After its opening montage showing each of the members of the Gerdhart crime dynasty in their final, bloody resting places, Hawley chose to spend the finale quietly tying up loose ends. Hapless butcher Ed Blumquist (Jesse Plemons) is dead and wife Peggy (Kirsten Dunst, pictured right) presumably in jail, after an achingly slow cross-country drive back to Luverne, Minnesota spent waiting for something bloodthirsty and shocking to happen.
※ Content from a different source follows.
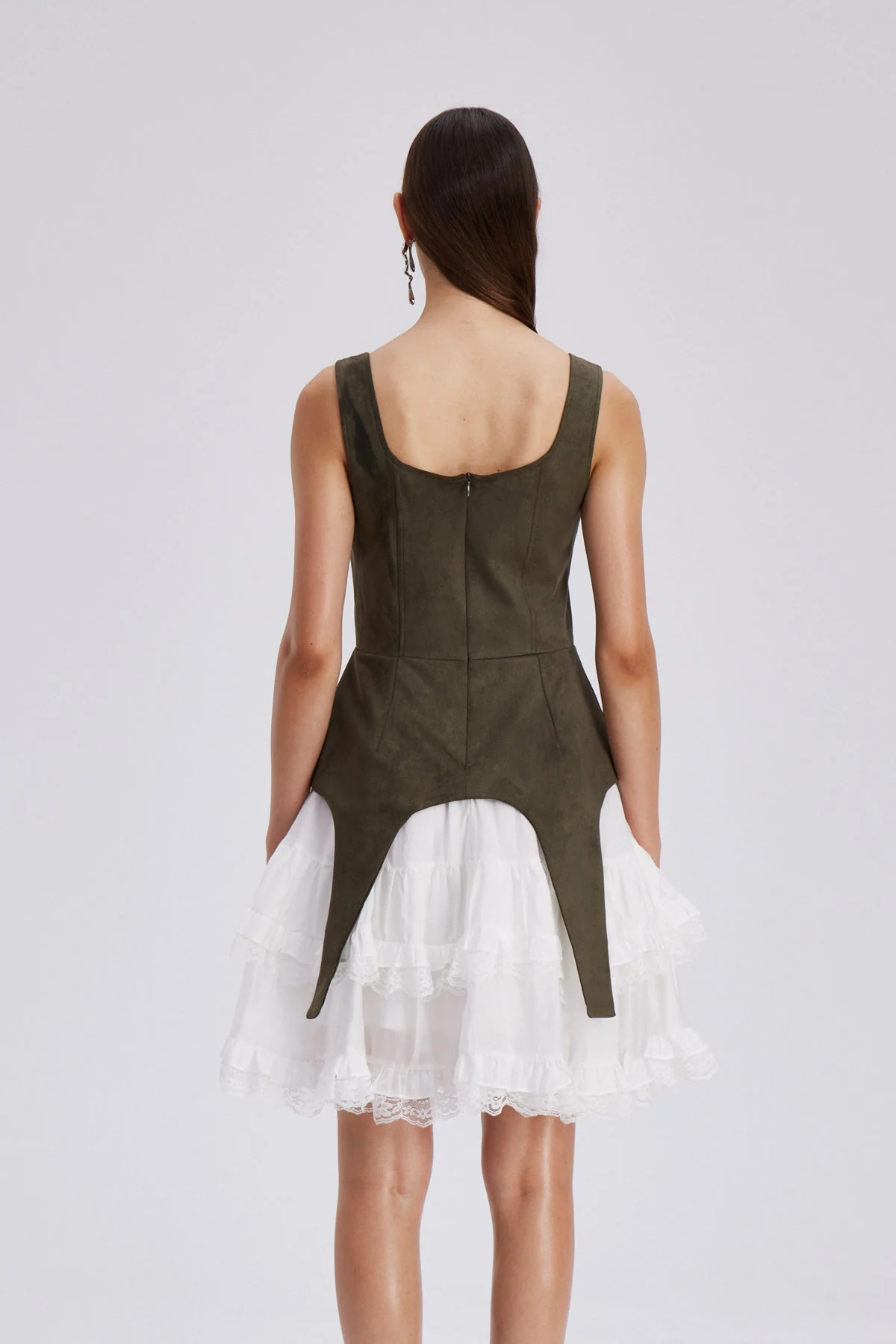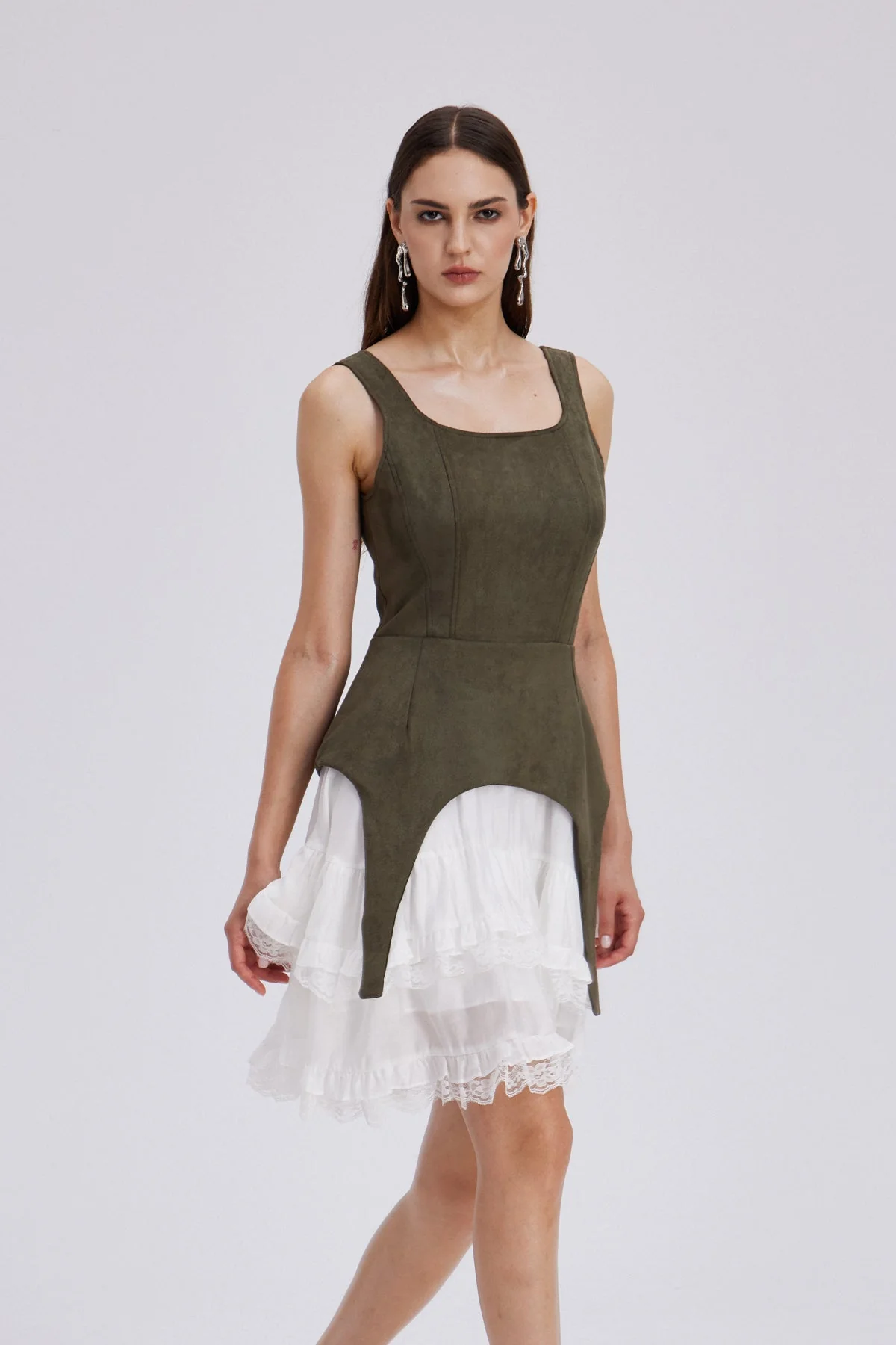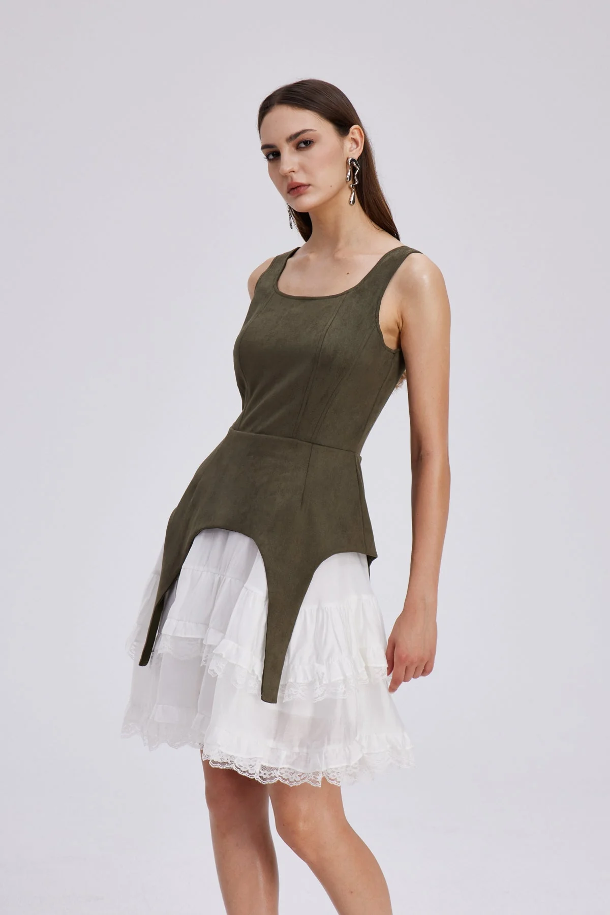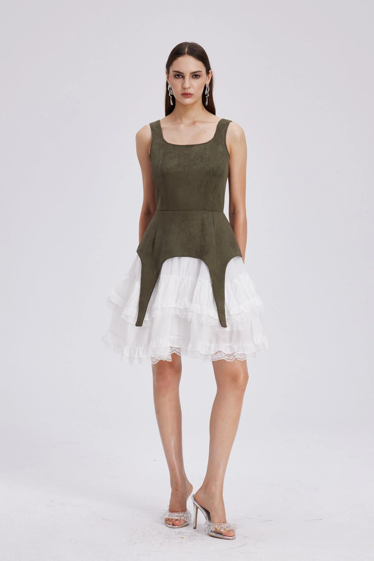 Elevate your wardrobe with the Green Ruffle Lace Sleeveless Mini Dress. This exquisite dress exudes elegance and sophistication with its ruffle lace detailing. The sleeveless design adds a touch of modernity, making it perfect for any occasion. Show off your style and charm with this stunning mini dress. The dress does not stretch and is suitable for gentle machine wash. Please note that the color may vary slightly due to lighting differences in images.
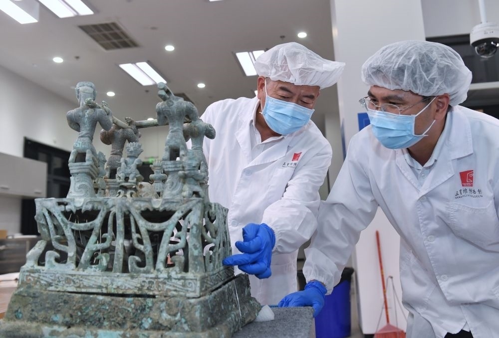 2023年5月30日,在四川三星堆博物館文物保護和修復(fù)中心,三星堆博物館陳列保管部副部長郭漢中(左)與同事討論神壇底座修復(fù)方案。

Hanzee Dent (Zahn McClarnon), the Gerdharts’ double-crossing enforcer, gets a new identity and the suave, sociopathic Mike Milligan (Bokeem Woodbine) a promotion – and an office job. Lou gets to return to his wife and daughter while father-in-law Hank (Ted Danson) survives – but the inevitability of Betsy’s terminal cancer means you’d struggle to call it a happy ending.
It’s one that’s all the more devastating if you have fallen for Wilson’s character. His portrayal, along with Danson, of the series’ thoroughly decent moral core – while at the same time being the only non-corrupt member of law enforcement with half a clue as to what was going on, in much the same way as Allison Tolman’s character in the first series – gave the show a sense of realism and kept it grounded even at its most ridiculous. The series also equalled, if not bettered, its predecessor in the casting stakes with a great blend of Hollywood names playing against types and relative unknowns: Dunst’s Peggy Blumquist, part-naïf and part femme fatale, was perfectly pitched; while Woodbine’s eloquent gangster deserves his own spin-off – something I wouldn’t put past Hawley, whose love for intricate, interconnected storytelling stretching back to the Coen Brothers’ original source material added an extra level to an incredibly satisfying televisual feast.
The finale was also full of treats from a technical perspective, too: add Black Sabbath’s “War Pigs” soundtracking Dent’s climatic final chase to the must-have soundtrack album of the year; while director Adam Arkin framed the best split-screen shot of the series when the Blumquists waved down a passing car to make their escape. It’s a cinematic style that, much like those wholesome characters, helped to keep everything grounded – whatever those aliens were up to.